- [Record extracts]

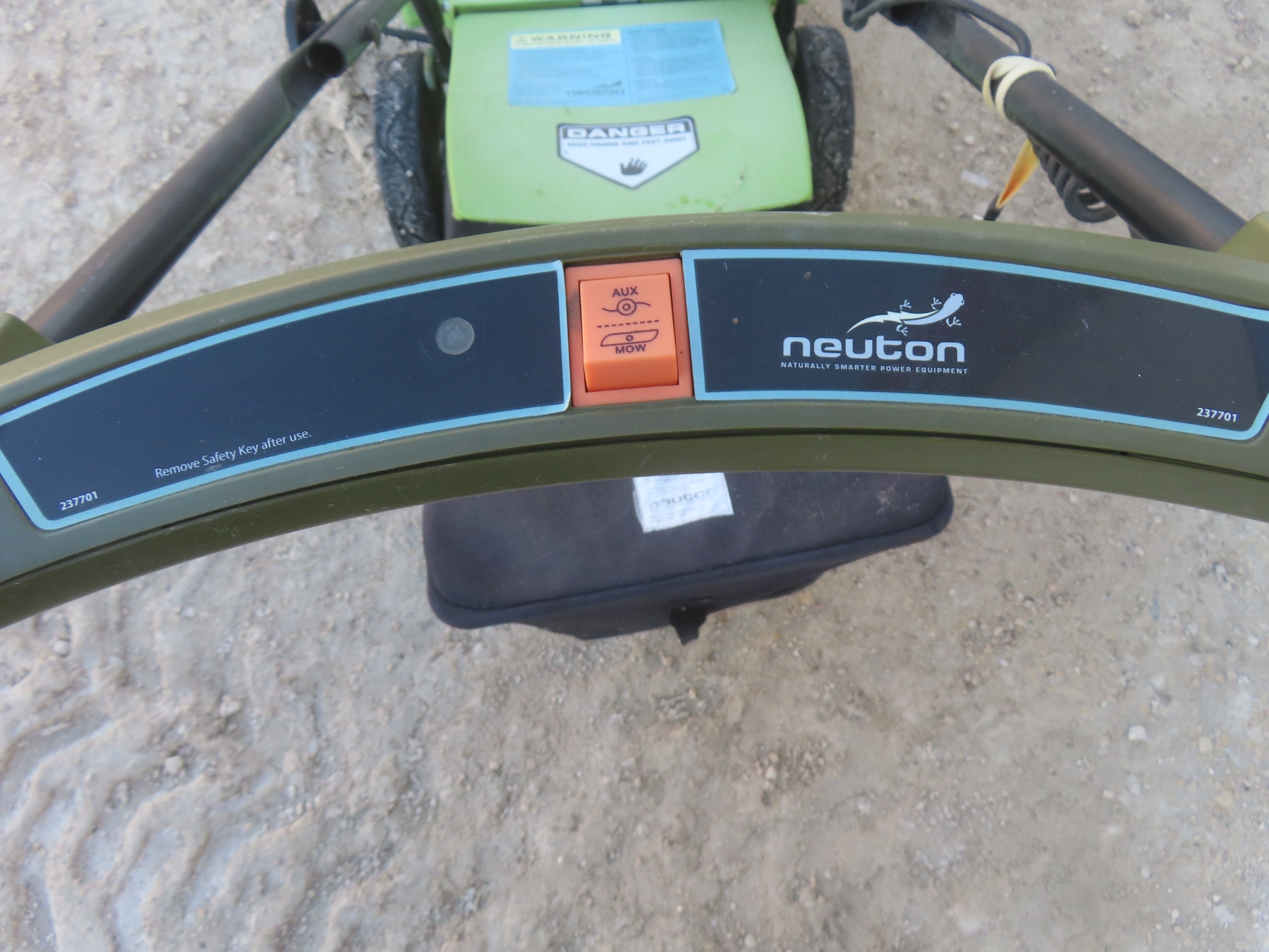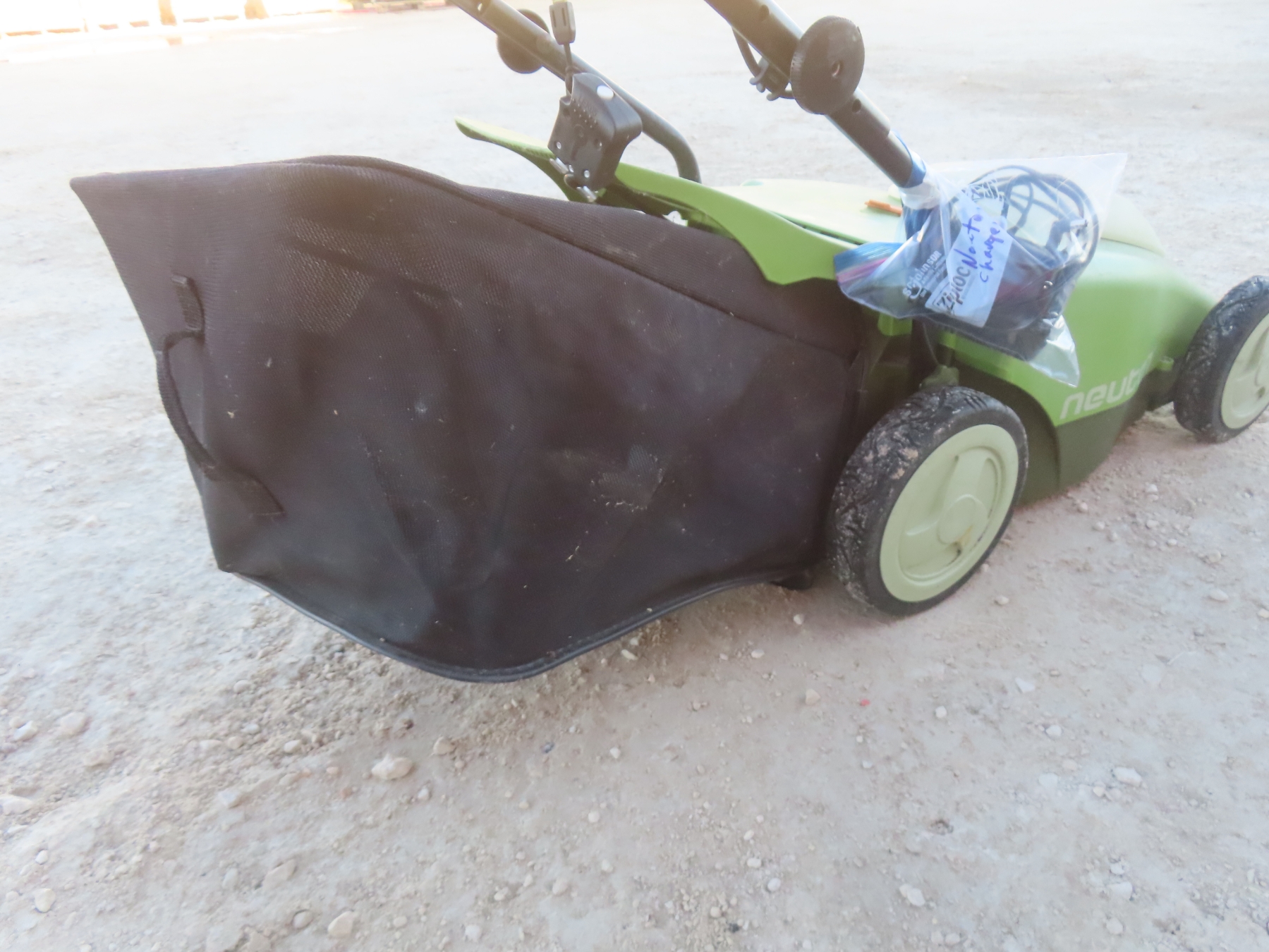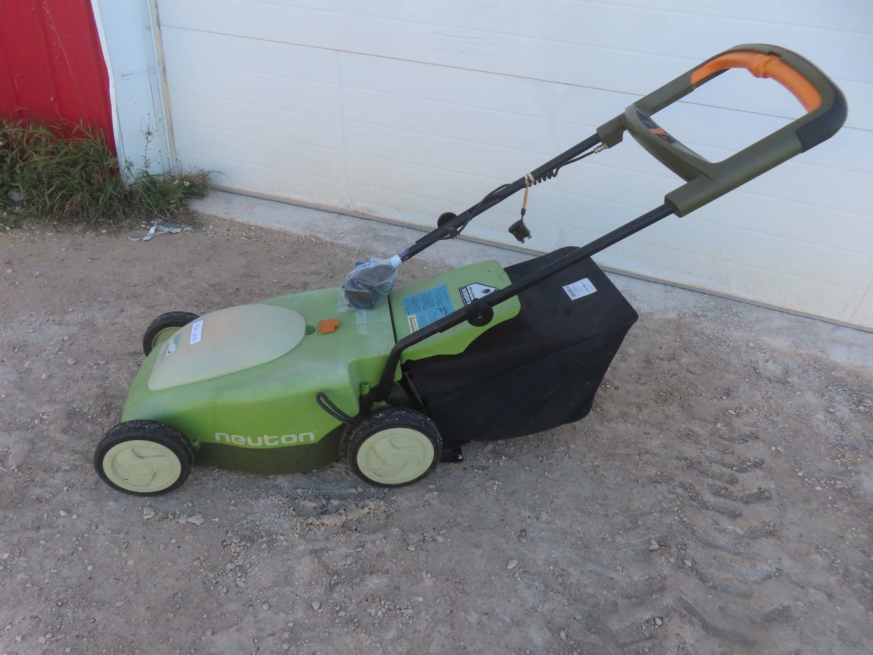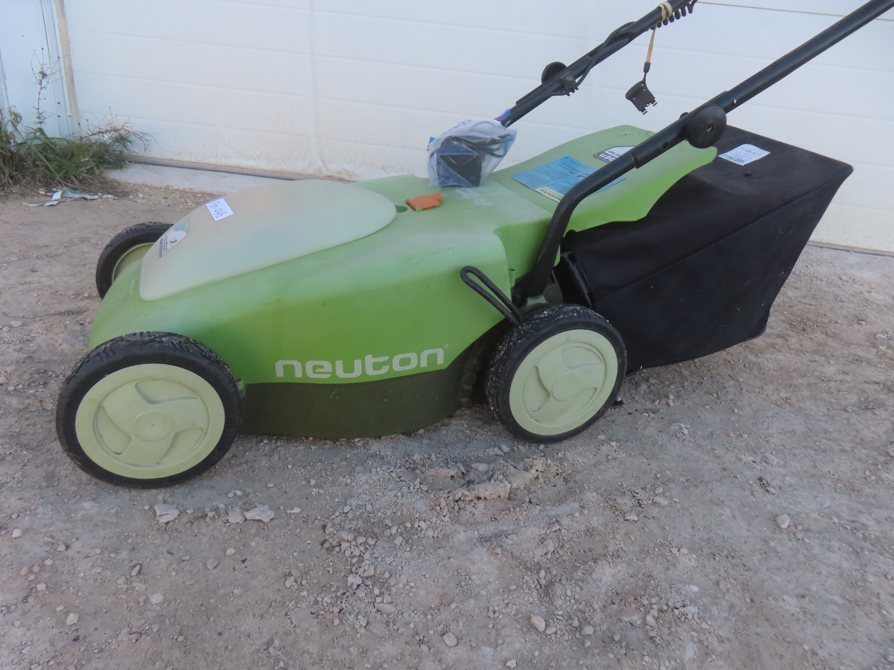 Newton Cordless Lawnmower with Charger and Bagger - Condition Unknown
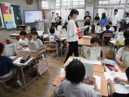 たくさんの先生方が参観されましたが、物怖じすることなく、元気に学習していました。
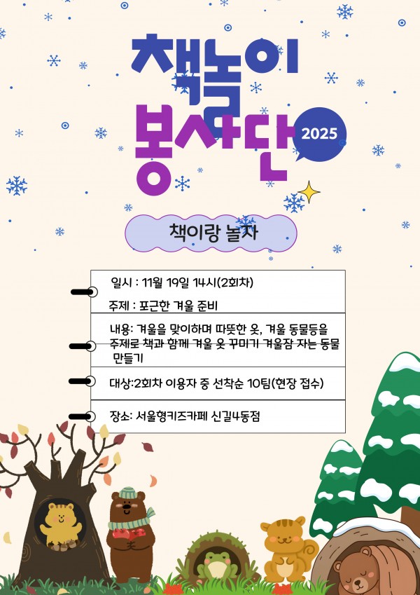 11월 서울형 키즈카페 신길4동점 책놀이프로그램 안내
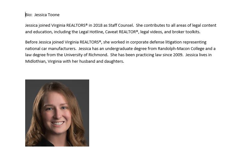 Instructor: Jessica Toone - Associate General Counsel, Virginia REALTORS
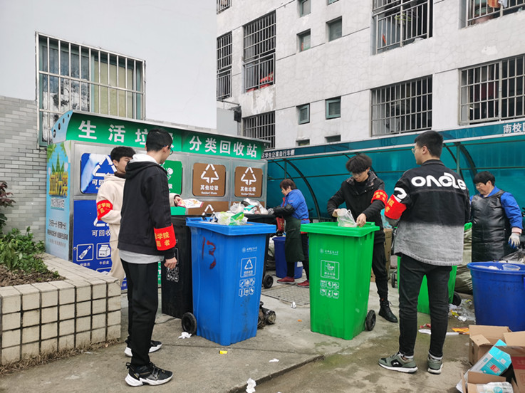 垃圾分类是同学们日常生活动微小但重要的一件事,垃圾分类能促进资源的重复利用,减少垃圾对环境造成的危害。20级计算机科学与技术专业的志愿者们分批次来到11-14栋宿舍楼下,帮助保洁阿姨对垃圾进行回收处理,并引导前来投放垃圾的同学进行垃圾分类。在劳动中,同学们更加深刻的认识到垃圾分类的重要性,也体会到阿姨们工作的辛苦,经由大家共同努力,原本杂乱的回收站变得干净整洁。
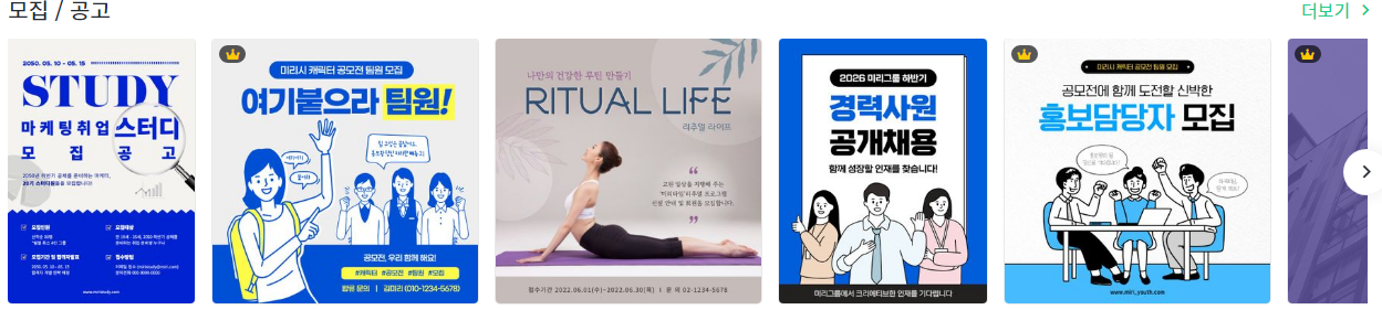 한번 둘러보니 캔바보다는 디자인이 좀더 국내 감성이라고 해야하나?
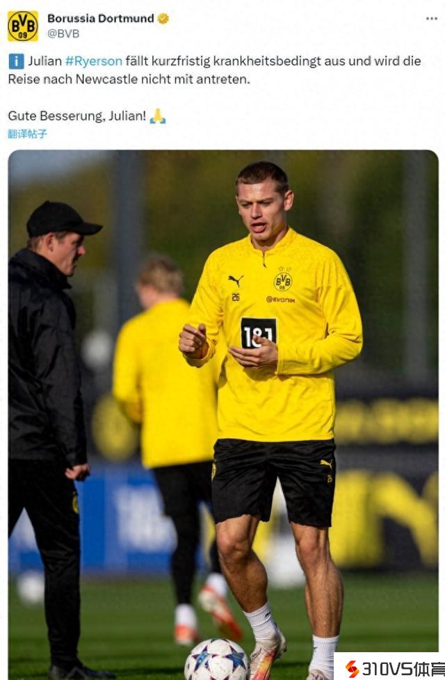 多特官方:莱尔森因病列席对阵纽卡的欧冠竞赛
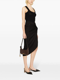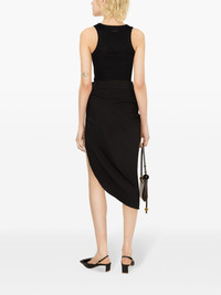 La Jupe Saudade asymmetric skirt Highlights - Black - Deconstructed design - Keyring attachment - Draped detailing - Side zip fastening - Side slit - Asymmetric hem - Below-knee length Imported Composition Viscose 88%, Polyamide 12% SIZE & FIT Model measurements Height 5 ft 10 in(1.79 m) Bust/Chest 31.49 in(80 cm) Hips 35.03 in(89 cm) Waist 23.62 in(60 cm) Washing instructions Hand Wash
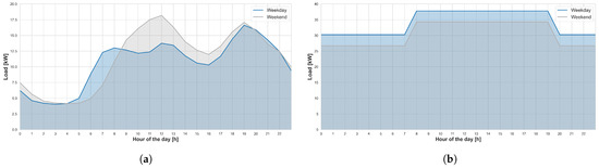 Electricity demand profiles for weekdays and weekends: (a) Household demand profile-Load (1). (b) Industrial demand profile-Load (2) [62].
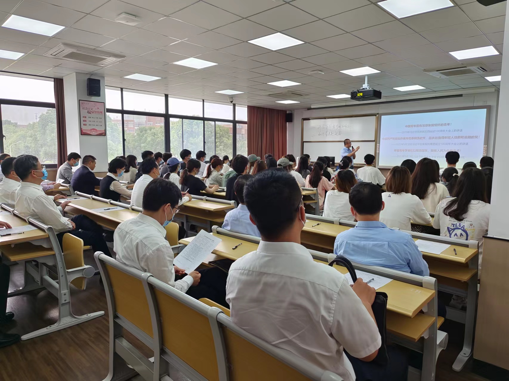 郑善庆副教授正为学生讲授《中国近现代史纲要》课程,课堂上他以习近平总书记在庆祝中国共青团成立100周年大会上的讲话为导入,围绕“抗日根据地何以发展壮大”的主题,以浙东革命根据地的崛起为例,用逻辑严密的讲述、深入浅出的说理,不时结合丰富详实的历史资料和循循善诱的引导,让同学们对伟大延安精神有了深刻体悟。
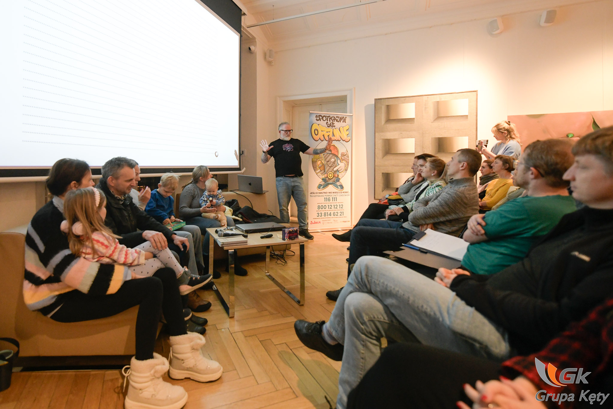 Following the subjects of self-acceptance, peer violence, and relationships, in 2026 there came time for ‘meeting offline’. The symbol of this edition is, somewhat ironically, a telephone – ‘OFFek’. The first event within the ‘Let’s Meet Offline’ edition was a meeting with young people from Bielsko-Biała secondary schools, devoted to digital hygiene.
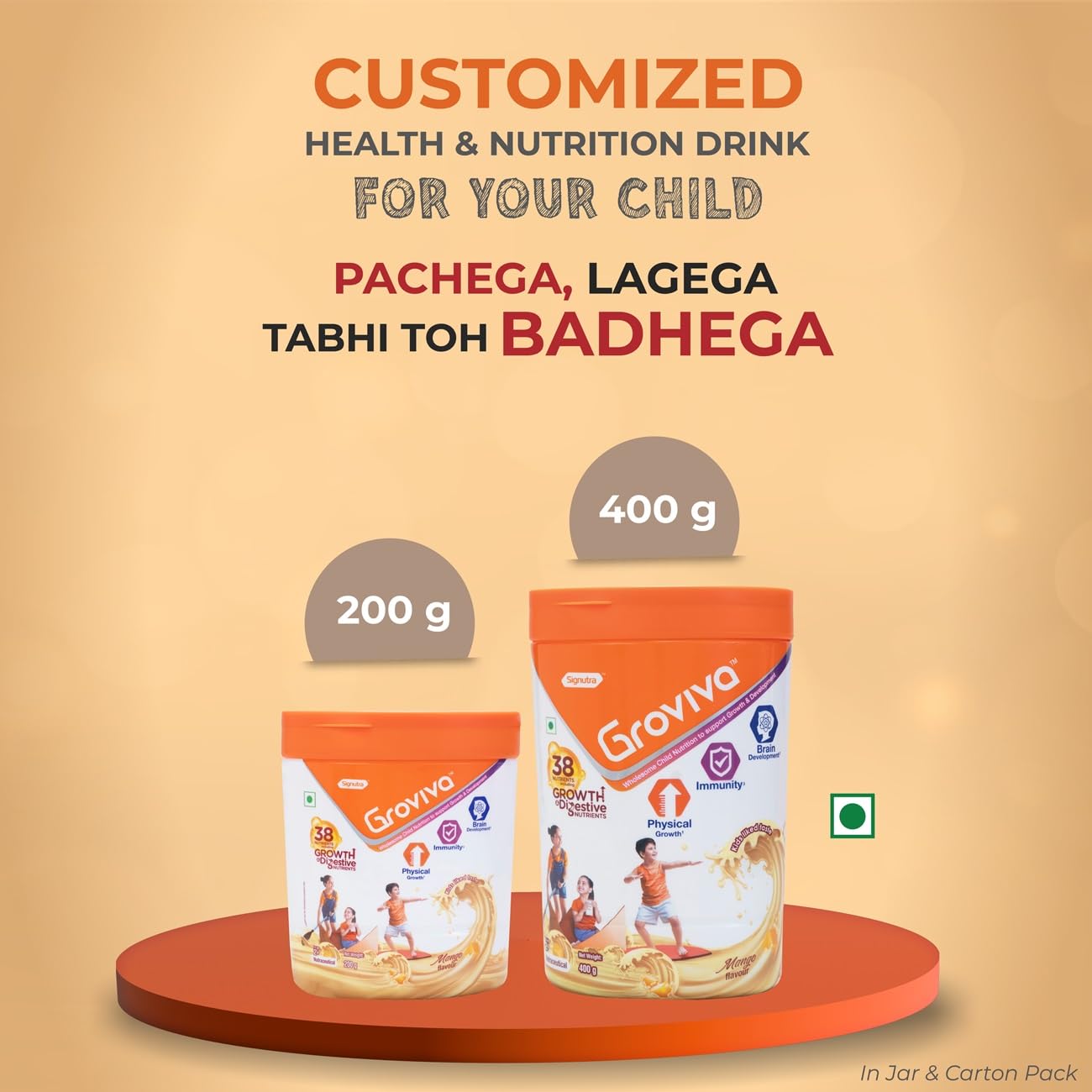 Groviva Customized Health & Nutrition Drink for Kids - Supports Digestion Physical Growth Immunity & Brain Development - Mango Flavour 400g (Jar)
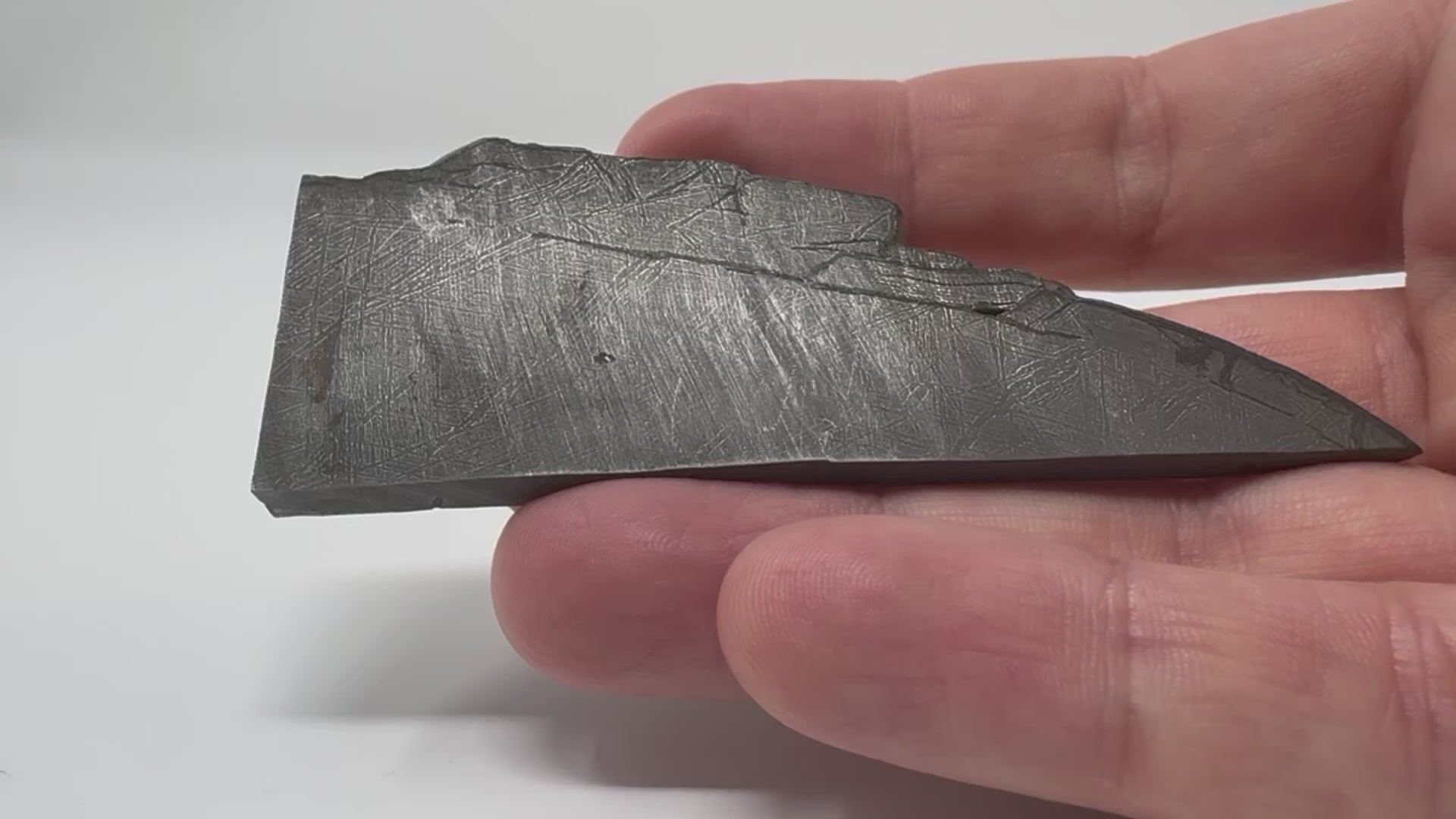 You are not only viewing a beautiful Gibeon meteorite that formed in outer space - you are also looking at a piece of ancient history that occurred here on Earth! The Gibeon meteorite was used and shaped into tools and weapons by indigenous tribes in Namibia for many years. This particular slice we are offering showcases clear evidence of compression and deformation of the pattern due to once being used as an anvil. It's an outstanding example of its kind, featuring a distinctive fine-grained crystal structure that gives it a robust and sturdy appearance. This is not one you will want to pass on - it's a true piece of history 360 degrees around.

- [Directions]
Pictures aside, return exactly the lines from the data above, starting at the line that has "Electricity demand profiles" and ending at the line that has "郑善庆副教授正为学生讲授《中", both included.

- [Answer below]
 Electricity demand profiles for weekdays and weekends: (a) Household demand profile-Load (1). (b) Industrial demand profile-Load (2) [62].
 郑善庆副教授正为学生讲授《中国近现代史纲要》课程,课堂上他以习近平总书记在庆祝中国共青团成立100周年大会上的讲话为导入,围绕“抗日根据地何以发展壮大”的主题,以浙东革命根据地的崛起为例,用逻辑严密的讲述、深入浅出的说理,不时结合丰富详实的历史资料和循循善诱的引导,让同学们对伟大延安精神有了深刻体悟。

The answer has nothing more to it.